++++ ENTRIES PROVIDED ++++

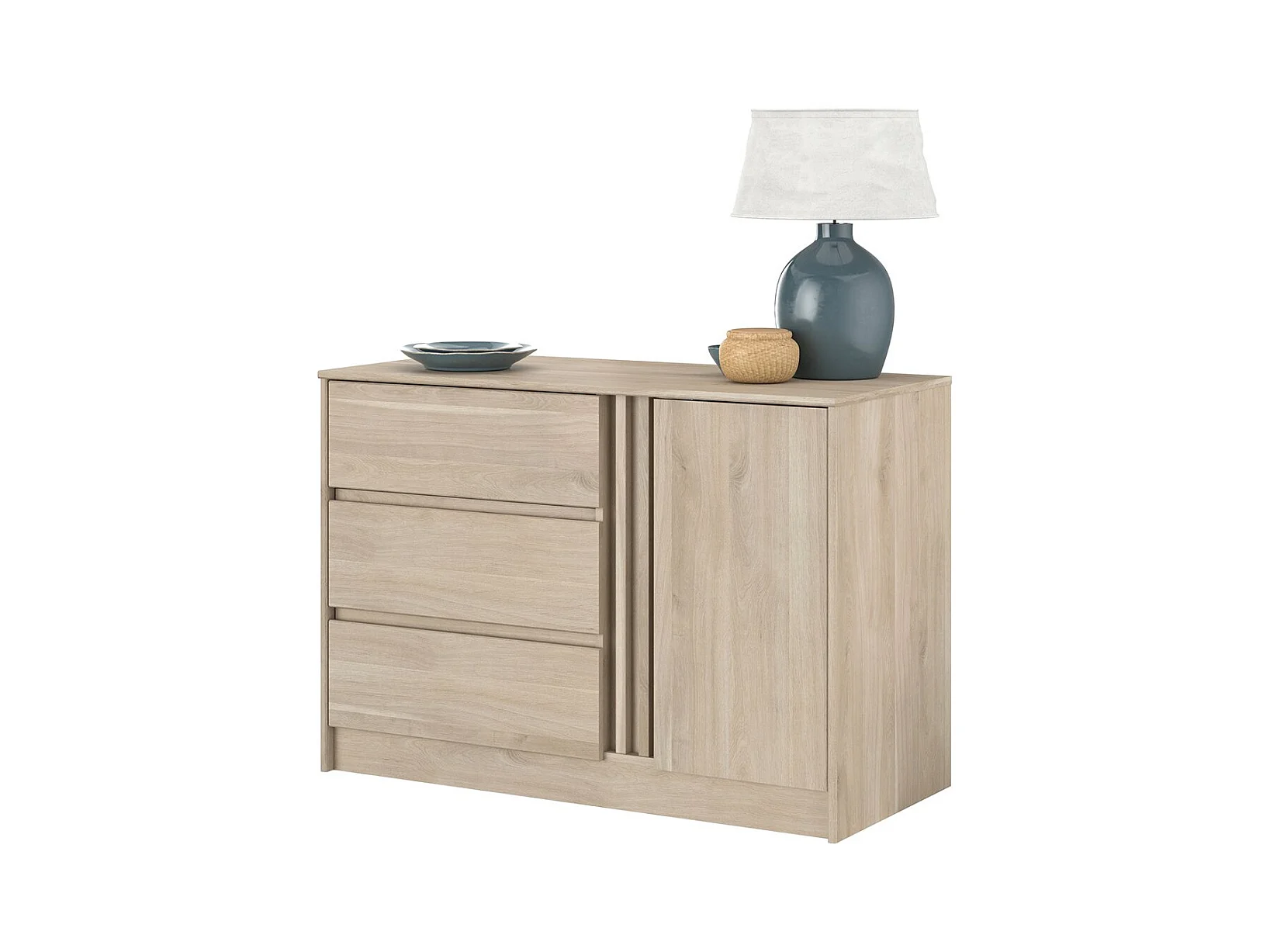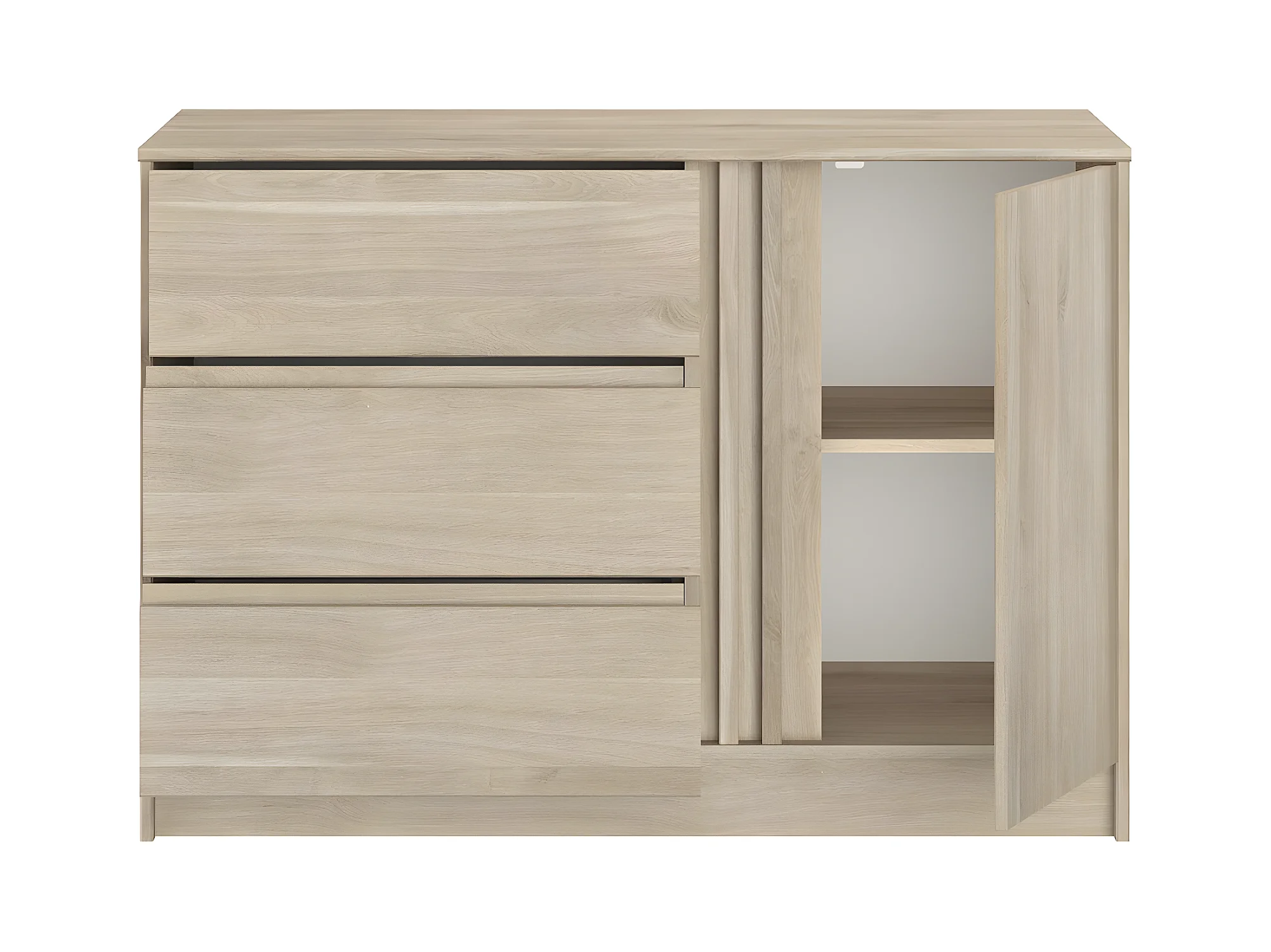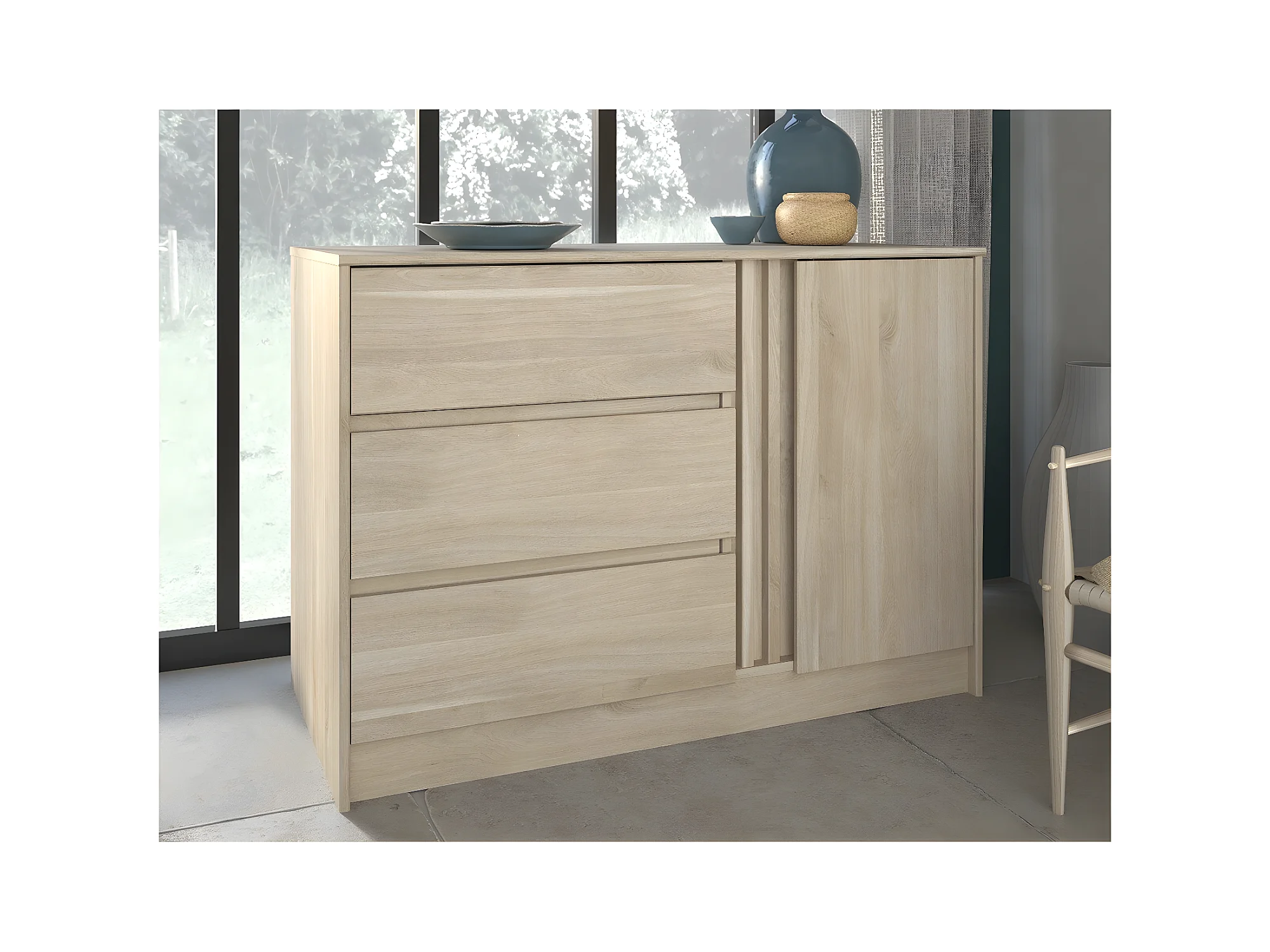 Commode 1 porte 3 tiroirs réversibles blanc chêne L110 cm - Escale
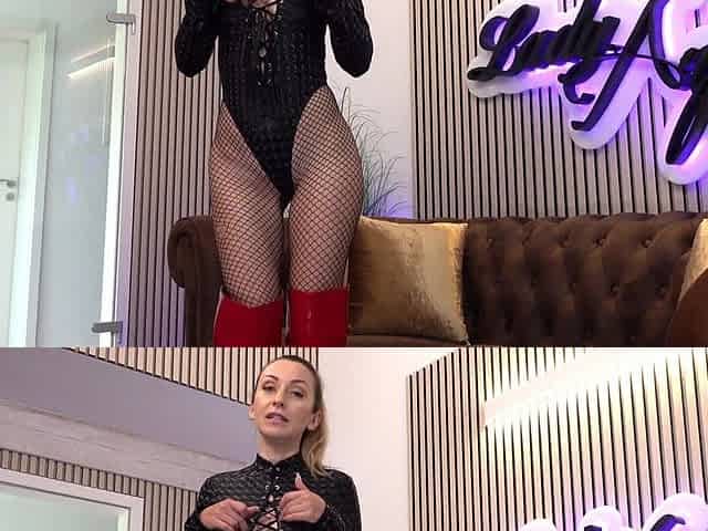 Preview - On fishnet catsuit and ebony high heels, gloryhole taking a knob down my throat and snatch
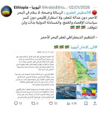 ويتبنى حساب «اثيوبيا Ethiopia» الذي أنشئ في أبريل 2021 باسم المستخدم @ArabicEthiopia السردية نفسها المعادية للقوات المسلحة السودانية. حيث أعاد الحساب نشر محتوى ناشط سوداني يُدعى عادل ابراهيم يقول فيه إنه لا يحق لمصر التدخل في الشأن السوداني. كما نشر صورًا للبحر الأحمر، قائلًا إنه لن يكون هناك سلام في البحر الأحمر دون عدالة «العفر»، في إشارة إلى التنظيم الديمقراطي لعفر البحر الأحمر، وهو تيار مسلح من قومية العفر في القرن الإفريقي (إثيوبيا وإريتريا) يطالب بالعدالة لشعبه وتحسين أوضاعهم المعيشية وفتح منفذ بحري لاثيوبيا.
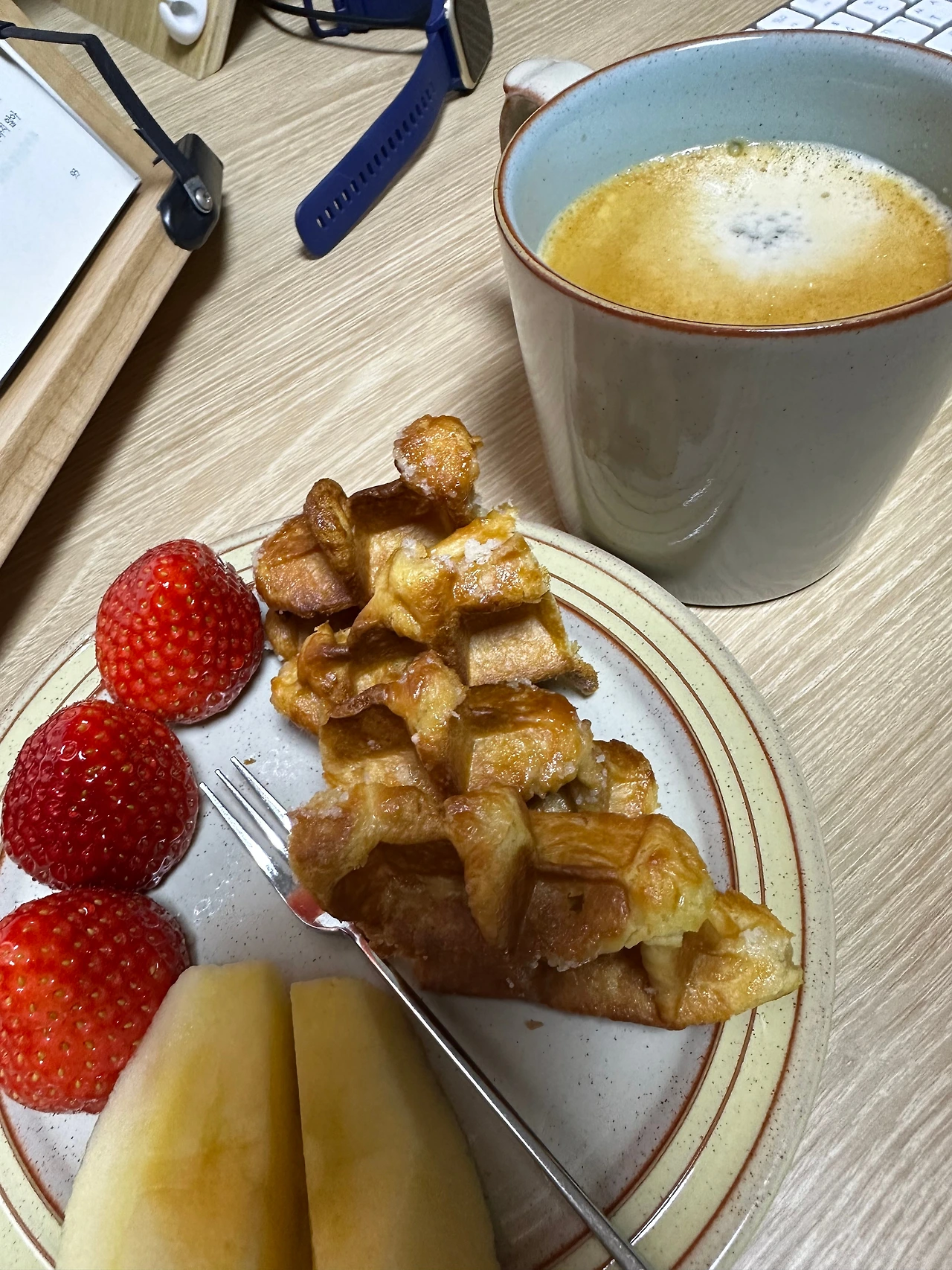 일어나면 가장 먼저 하는 일. 잠들 기 전 준비해 사용했던 물통을 책상위에 올려두고, 커피머신으로 직행. 기계로 내려 먹는 커피라 맛은 우라질. 하지만 이른아침 식사와 함께 하는 커피 한 잔이 난 그렇게 좋을 수 없다. 더불어, 과일/모닝롤을 필두로 밀가루 반죽(?)하나/가끔 만두? 정도의 어설픈 에피타이저 구성으로 아침을 준비한다.(물론 아내가 해주는 아침은 수준이 다르지만. 내 나름대론 이 구성에도 충분!)
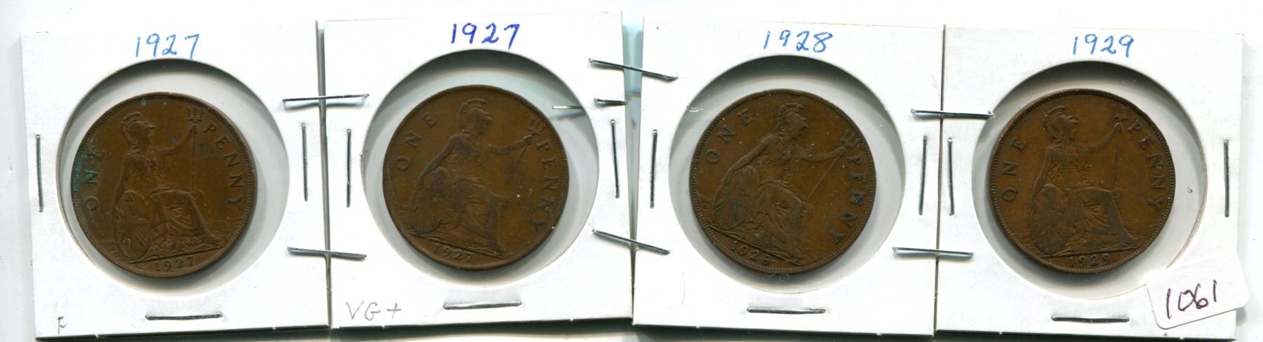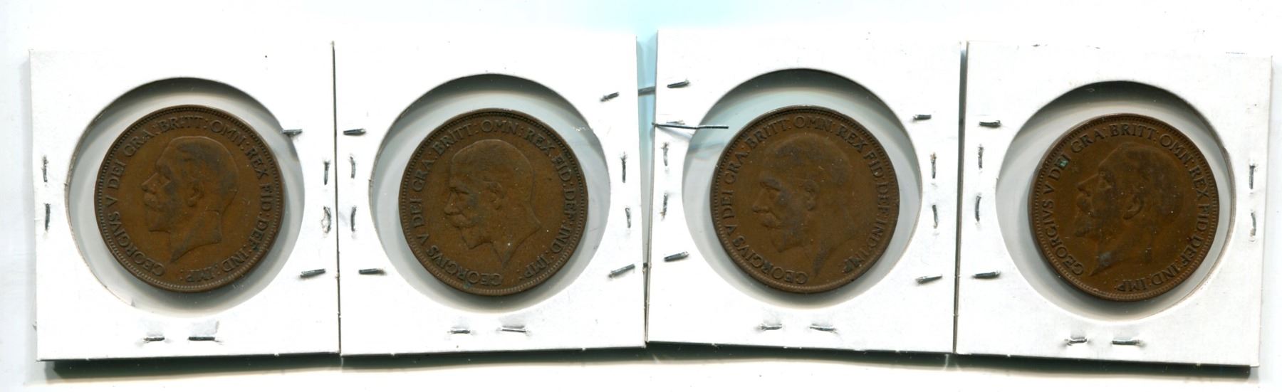 4 King Georgivs V Large Pennies - 1927F, 1927VG+, 1928 (2)

++++

EXERCISE REQUIREMENTS:
Your output should be the records above, duplicated exactly and picture-free.

YOUR RESPONSE:
 Commode 1 porte 3 tiroirs réversibles blanc chêne L110 cm - Escale
 Preview - On fishnet catsuit and ebony high heels, gloryhole taking a knob down my throat and snatch
 ويتبنى حساب «اثيوبيا Ethiopia» الذي أنشئ في أبريل 2021 باسم المستخدم @ArabicEthiopia السردية نفسها المعادية للقوات المسلحة السودانية. حيث أعاد الحساب نشر محتوى ناشط سوداني يُدعى عادل ابراهيم يقول فيه إنه لا يحق لمصر التدخل في الشأن السوداني. كما نشر صورًا للبحر الأحمر، قائلًا إنه لن يكون هناك سلام في البحر الأحمر دون عدالة «العفر»، في إشارة إلى التنظيم الديمقراطي لعفر البحر الأحمر، وهو تيار مسلح من قومية العفر في القرن الإفريقي (إثيوبيا وإريتريا) يطالب بالعدالة لشعبه وتحسين أوضاعهم المعيشية وفتح منفذ بحري لاثيوبيا.
 일어나면 가장 먼저 하는 일. 잠들 기 전 준비해 사용했던 물통을 책상위에 올려두고, 커피머신으로 직행. 기계로 내려 먹는 커피라 맛은 우라질. 하지만 이른아침 식사와 함께 하는 커피 한 잔이 난 그렇게 좋을 수 없다. 더불어, 과일/모닝롤을 필두로 밀가루 반죽(?)하나/가끔 만두? 정도의 어설픈 에피타이저 구성으로 아침을 준비한다.(물론 아내가 해주는 아침은 수준이 다르지만. 내 나름대론 이 구성에도 충분!)
 4 King Georgivs V Large Pennies - 1927F, 1927VG+, 1928 (2)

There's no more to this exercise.